This eliminates the need to operate the extraction button as many times as the number of people even when a plurality of people need coffee liquid, and can extract the extraction amount for a plurality of people at once. FIG. 21 and FIG. 22 are schematic views of a system that enables pouring of the filter when the filter is set at a predetermined position, and FIG. 23 is an external view of the main body of the extractor. (60) (60) (60) is a support stand attached to a part of the main body, (61) is a lead switch attached to the support stand, and holder (3) (3) (3) is the support stand (60) ) Has a storage portion (63), (63), (63) which is provided so as to be detachable or slidable and which detachably stores the filter (4). (64) (64) (64) is a magnet attached to a part of the holder (3) (3) (3). The lead switches (61), (61), (61) and the magnets (64), (64), (64) are position detecting means for detecting whether or not the holder is set at a predetermined position on the support base (60). The position detecting means comprises an extraction button when the holder is set at a predetermined position.

The pouring operation according to (65) is executed.

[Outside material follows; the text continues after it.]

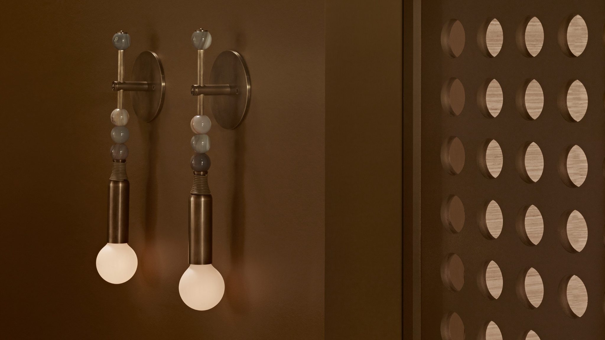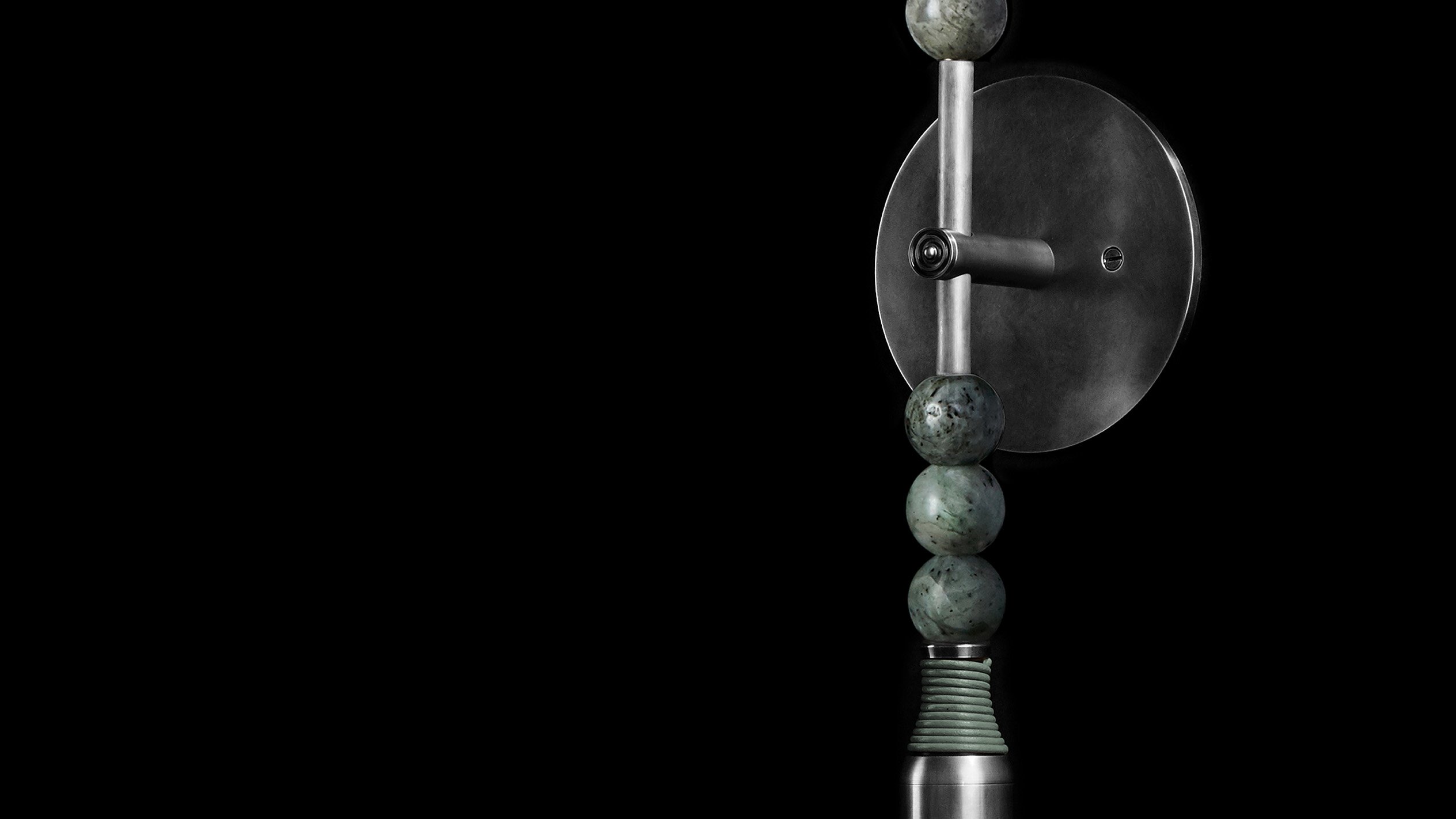 A strict arrangement of semi-precious stones recall fine details found on statues at the ancient city of Persepolis. Agate, Jasper or Jade beads are pierced by finely fluted pins, affixing them to a leather-bound brass structure. Customisation available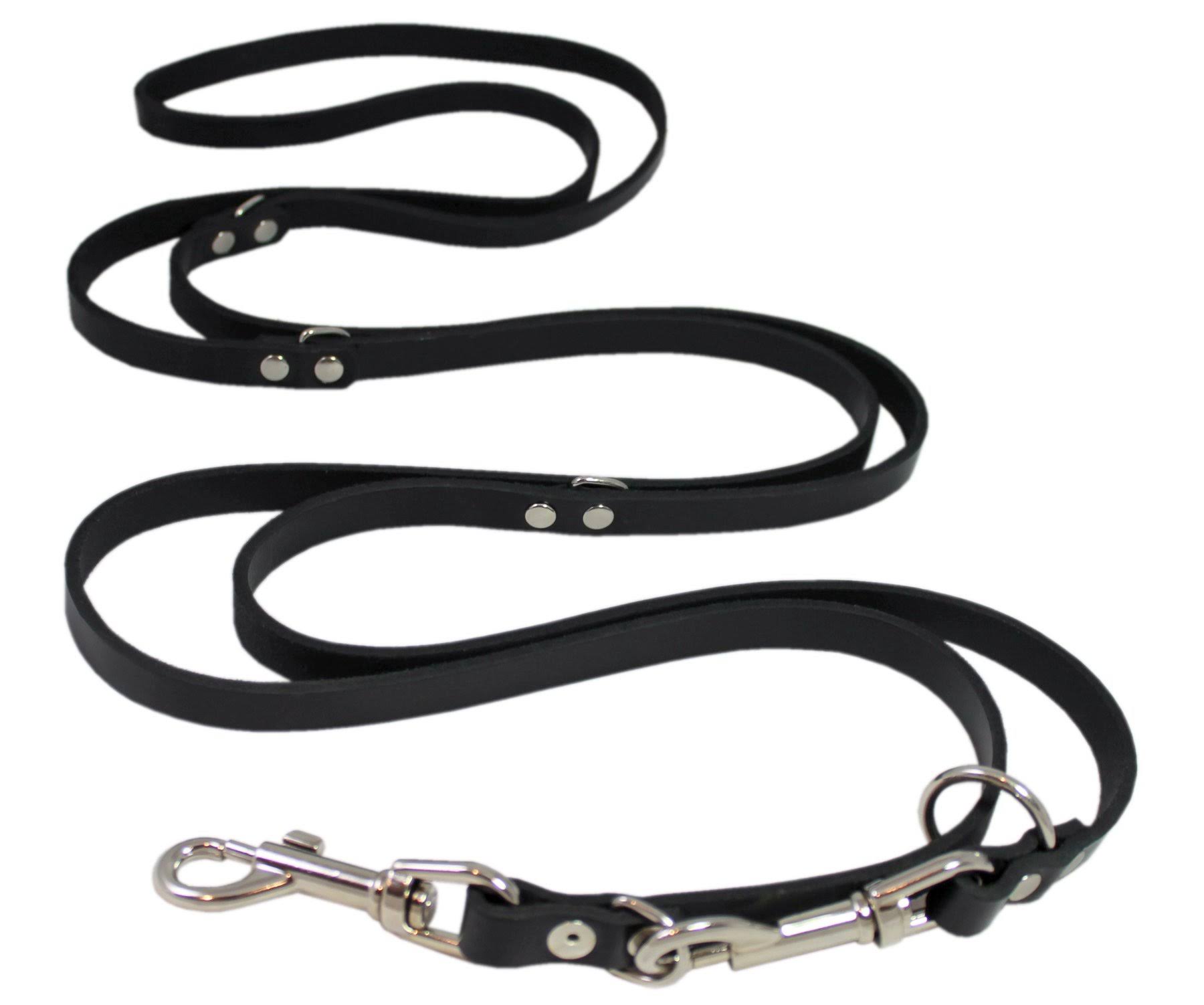 6-Way European Multifunctional Leather Dog Leash Medium Breeds, Adjustable Schutzhund Lead Black 60" - Megean

 For example, as shown in FIG. 21, when the holder (3) is set at a predetermined position, the reed switch (61) is closed by the magnet (64) and the operation of the extraction button (65) is stopped. When the holder (3) was not set in place as shown in Fig. 22, the magnet (64) did not reach the vicinity of the reed switch (61) and the lead switch (61) was opened. The pouring operation does not start even if the extraction button (65) is operated.

 As a result, when the filter 1 is neglected to be set at a predetermined position, the hot water is poured into the cup as it is and the coffee cannot be extracted, or when the hot water hits a part of the holder 1 and scatters. Can be prevented.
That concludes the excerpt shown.